IN CASE YOU MISSED IT

Monthly migraine makes her dysfunctional

This story was first published in The Straits Times on Aug 15, 2013

Q I am a 40-year-old woman and I suffer from migraine almost once every month, usually before or during my menstruation.

Before a migraine comes on, I get stiff neck and shoulders.

When it happens, I can hardly function and usually sleep the whole day, sometimes for two days, till it passes. During this time, I also suffer violent retching.

Doctors have prescribed painkillers but they are ineffective. I have also tried traditional Chinese medicine but it has not helped either.

I have been on a contraceptive pill. Could this be the reason for my symptoms?

Although I have been on it for many years, the migraines have become worse only in the last two years.
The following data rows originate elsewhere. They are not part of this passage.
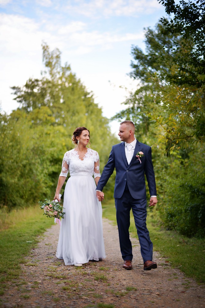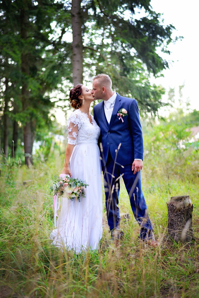Nádherná nevěsta s jasnou představou. S krajkou přímo pro ni, s velkým dolaďováním v dokonalost. S lehkostí šifonu, s hedvábným matem na krásném místě.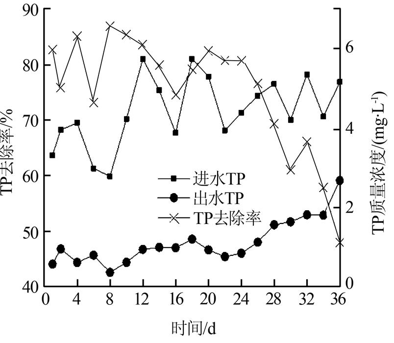 由圖 2可以看出,連續(xù)36 d不排泥,系統(tǒng)仍有處理效果,沒有發(fā)生出水磷濃度大于進水的情況,但除磷效果不是很穩(wěn)定,除磷率在48.00%~86.75%波動。系統(tǒng)運行第24天之前,出水磷質(zhì)量濃度均小于1 mg/L,達到《城鎮(zhèn)污水處理廠污染物排放標準》一級B標準,平均去除率為80.67%,系統(tǒng)運行到第26天后,除磷效果逐漸變差,除磷率開始下降,到第36天時,出水磷質(zhì)量濃度為2.68 mg/L,磷去除率為48.00%,由此可推斷,在系統(tǒng)不排泥的情況下,仍有除磷效果,但連續(xù)運行超過24 d后,除磷效果開始下降。這與傳統(tǒng)除磷理論認為泥齡越短除磷效果越好的說法不一致,因為厭氧/缺氧條件下生長的反硝化聚磷菌DPAOs比傳統(tǒng)聚磷菌PAO生長速率慢,所以其SRT比PAOs的長,這與石玉明等結(jié)論相同〔7, 8〕。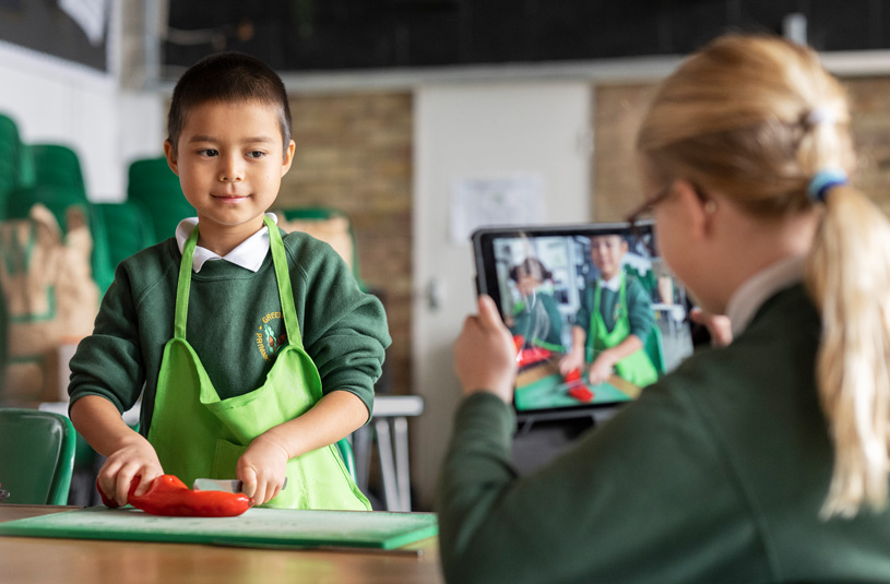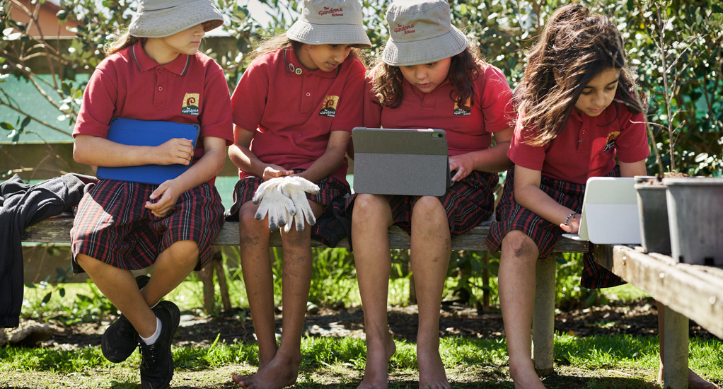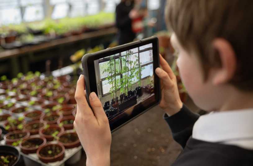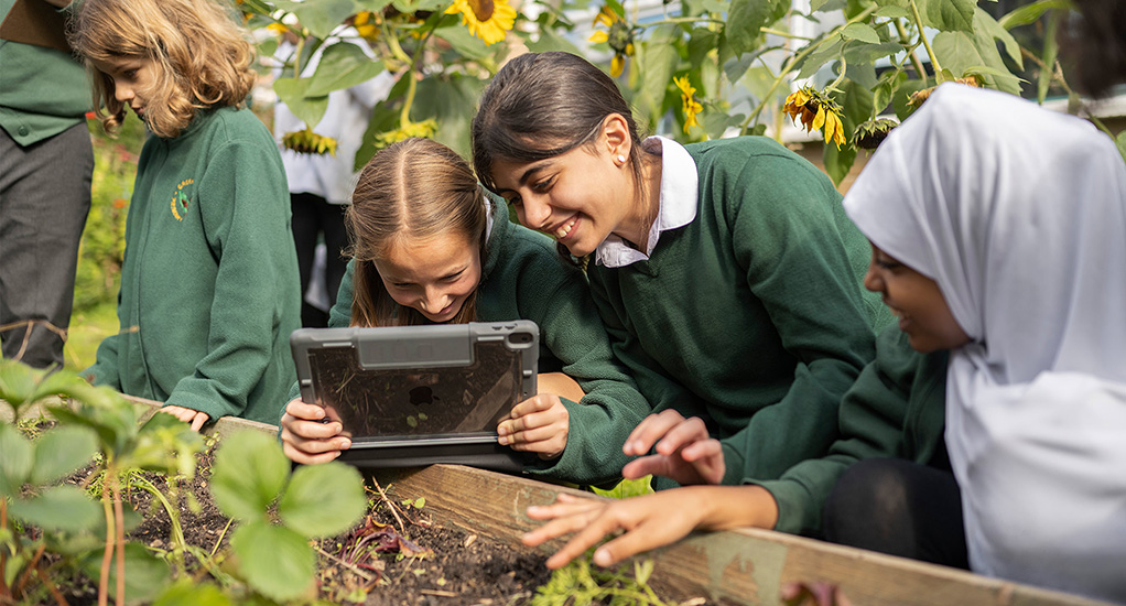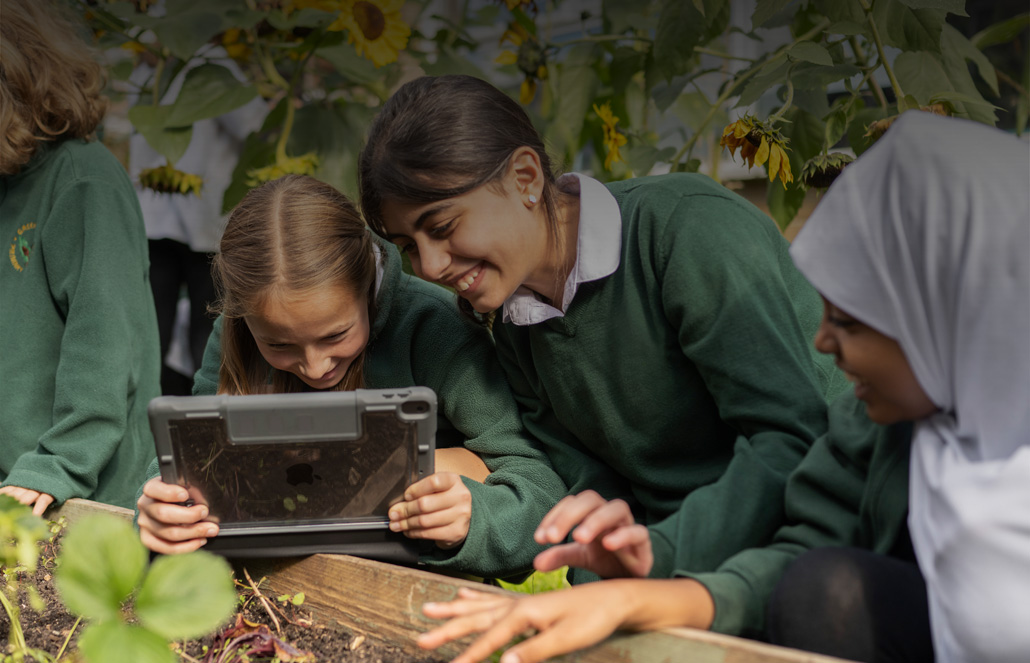 Az iPad megmutatja, hogyan kerül az iskolai kiskertből az asztalra az étel.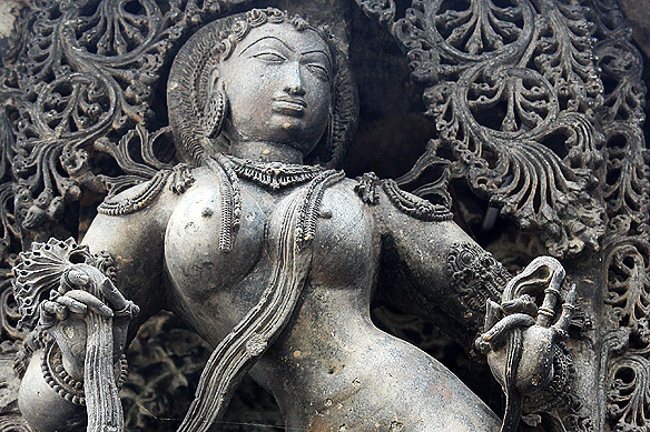 If stones were to narrate lucid poetry about the sensuous beauty of a woman, their point of reference would be the Chennakesava [Beautiful Keshava] Temple in Belur. Thirty-eight voluptuous maidens, known as madanikas, in various Bharatanatyam dance and ritual poses hold up the ceiling outside in effortless grace, some signed by the sculptors themselves. Four madanikas support the ceiling inside, above the circular dais where 900 years ago Queen Shantala Devi once danced for the gods.

If the migraines are hormone-related, would sterilisation stop the migraines?

Are there any other cures I can try?

A Migraine is a common disorder and about 5to 15 per cent of Singaporeans suffer from it during their lifetimes.

Many factors are associated with the triggering of migraine attacks, with hormonal fluctuation being a common cause.

It is not uncommon for women to notice headaches linked to their menstrual cycles.

This pattern can be present irrespective of whether hormonal fluctuations are natural or from the taking of contraceptive pills.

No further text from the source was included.